For the last three years or so, it’s become increasingly difficult to be a Nguyen, what with that famous “bisexual” of the same last name running around town, sullying all of our reps. Tila Tequila doesn’t even bother to use “Nguyen” in interviews unless she’s telling some sob story about her parents being immigrants (a subject easily trumped if someone prefers to ask about her tits)–yet still, that tiny bit of shared identity holds the capacity to pain all of the other Nguyens so deeply.

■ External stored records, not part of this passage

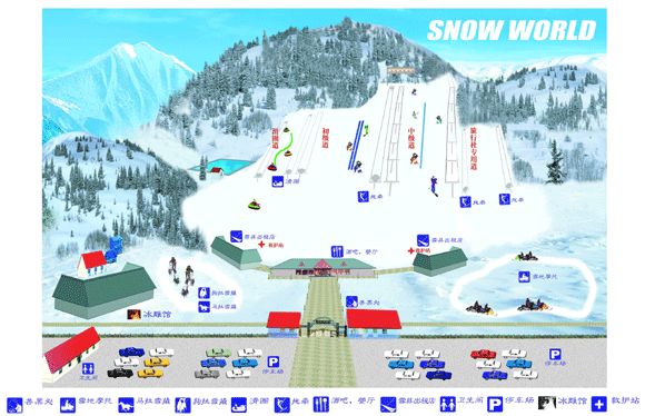 初、中、高级雪道7条、2条四人吊椅式索道、5套全自动雪地魔毯、7800余平米的多功能大厅集收银、租赁、餐饮、购物于一体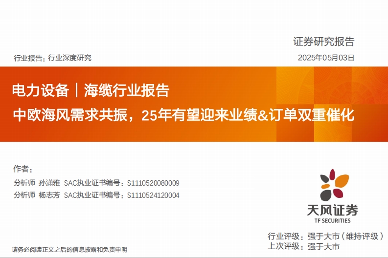 2025-05-05-天风证券-海缆行业报告:中欧海风需求共振,25年有望迎来业绩&订单双重催化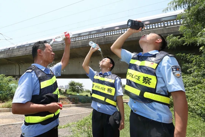 武漢鐵路公安處烏龍泉東所民警冒酷暑巡查后進行“降溫處理”。胡金力 攝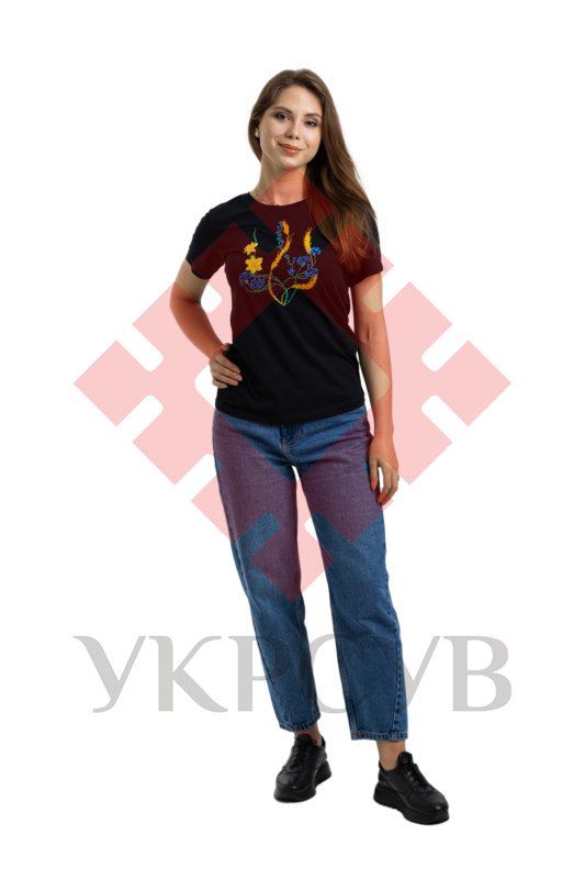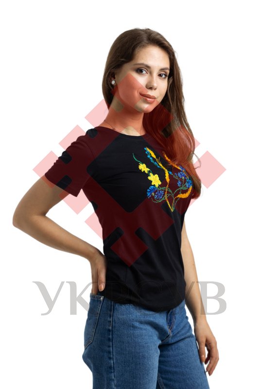 Футболка жіноча Колоски-Тризуб (чорна) (34289)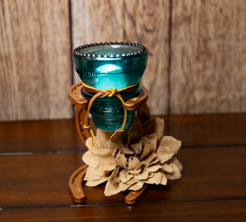 Vintage Insulator Candle Holder – Beige Burlap Flower – Add a charming touch of rustic elegance to your event with this vintage insulator candle holder. Perfect for your Western or rustic wedding or as part of your log home, ranch or farm house. Features a vintage turquoise-colored glass insulator, metal stand, and adorned with a…

And to think it could get worse.
One of our readers unleashed a terrible truth on me today: the nameless ginormous boob skank (Wait, don’t call her that!) that shot to anonymous fame via one unfortunate Michael Phelps photo-op actually has a name–and that name is… Nguyen.
In fact, Naomi Nguyen, apparently a former fighter/now actress, has her own official website, replete with more ginormous boob photos:
But there’s more than just a name! You can actually get to know her in this charming, candid interview:
Okay. She’s no genius. She’s got some crazy fuckin’ circus boobies. But you know, I wouldn’t exactly state that I have anything against this not-ginormous boob skank per se.
…I just really, really, really, really, really wish we didn’t have the same last name.
As you may recall from last week, the poor gal photographed near Michael Phelps at LAX Airport was subsequently called everything under the sun: Phelps’ girlfriend, a “busomy, exotic stranger”, a “stacked stripper”, a “total stranger”, a “stalker”, “some little Asian girl with buoys strapped to her chest“, and of course, “a fug Asian chick” (to name a few).
But let it be known, as declared right here and now (or, more accurately, on TMZ) that this woman refuses to be referred to as:
In her words: “I’m not a ‘ginormous boob skank’, oh my god. Oh my god. I am not a ginormous boob skank.”
And in her friend’s words: “[unfomfortable chuckle] She’s not a skank.”
The funny thing is, we did some homework and can’t seem to find anywhere on TMZ where she was referred to as a ginormous boob skank. And actually, given our extensive research (Google), we aren’t actually certain that anybody of note ever did.
But there you have it folks, it seems like most of the monikers you’ve bestowed upon this fine lady are, indeed, just fine. But “ginormous boob skank”–as the lady says it–is totally fucking off limits.